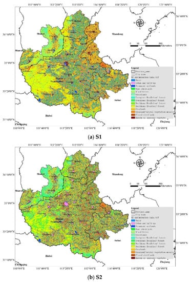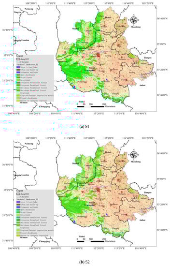 Development scenario (S2): According to the evolution trend from 2010 to 2020, urban and built-up areas rapidly expanded to the periphery with an increase of 209,237 ha. Urban expansion land mainly came from adjacent open shrublands, closed shrublands, grasslands, croplands, mixed cropland/natural vegetation areas, and barren or sparsely vegetated areas.
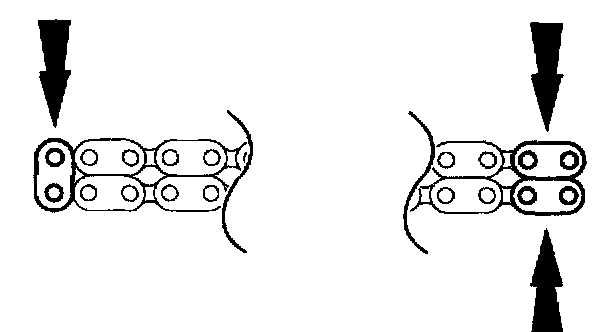 If copper links are not visible, mark two links on one end and one link on the other end, and use as timing marks.
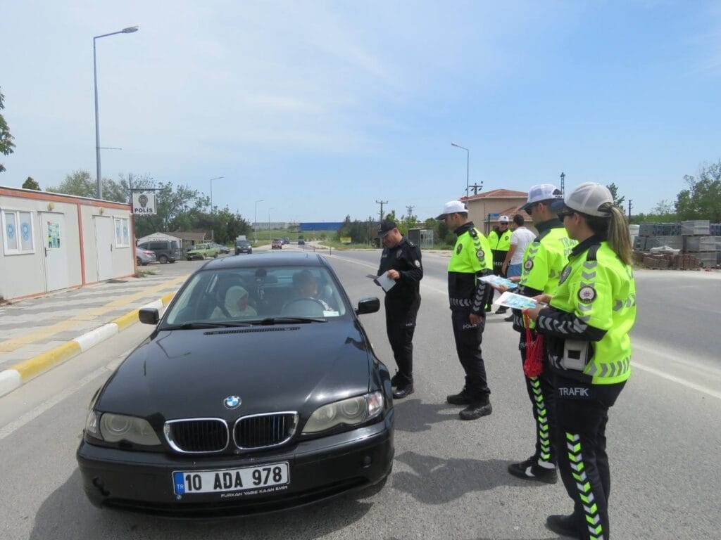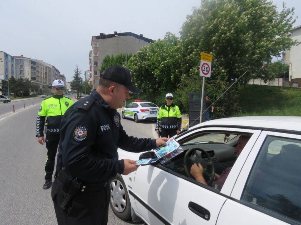 İlçe Emniyet Müdürlüğü Trafik Haftası kapsamında yapılan uygulamalarda, sürücüleri trafik kuralları hakkında bilgilendirdi.
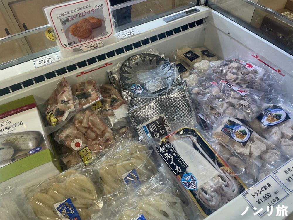 遠方へお土産を贈りたい人も冷凍便が使えるお店がカモンワーフにあるので、フグ鍋セットや刺身を買う方は利用するのもおすすめです、
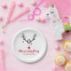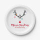 Ein lustiges, niedliches, modernes minimalistisches Bild eines Rentierkopfes mit roter Nase. Mit Weihnachtsschmuck, Bausteine hängen von den Antlers. Keine Hintergrundfarbe, Farben: weiß, rot, grau, blau, grün. Ein rotes, modernes handgeschriebenes Skript mit dem Text: Frohe Weihnachten. Vorlage für Ihren Familiennamen oder Text.
___
▶ _Your assignment_:
When you reach an image, pass over it, and retype all other material exactly.

▶ _Result of this task_:
 Development scenario (S2): According to the evolution trend from 2010 to 2020, urban and built-up areas rapidly expanded to the periphery with an increase of 209,237 ha. Urban expansion land mainly came from adjacent open shrublands, closed shrublands, grasslands, croplands, mixed cropland/natural vegetation areas, and barren or sparsely vegetated areas.
 If copper links are not visible, mark two links on one end and one link on the other end, and use as timing marks.
 İlçe Emniyet Müdürlüğü Trafik Haftası kapsamında yapılan uygulamalarda, sürücüleri trafik kuralları hakkında bilgilendirdi.
 遠方へお土産を贈りたい人も冷凍便が使えるお店がカモンワーフにあるので、フグ鍋セットや刺身を買う方は利用するのもおすすめです、
 Ein lustiges, niedliches, modernes minimalistisches Bild eines Rentierkopfes mit roter Nase. Mit Weihnachtsschmuck, Bausteine hängen von den Antlers. Keine Hintergrundfarbe, Farben: weiß, rot, grau, blau, grün. Ein rotes, modernes handgeschriebenes Skript mit dem Text: Frohe Weihnachten. Vorlage für Ihren Familiennamen oder Text.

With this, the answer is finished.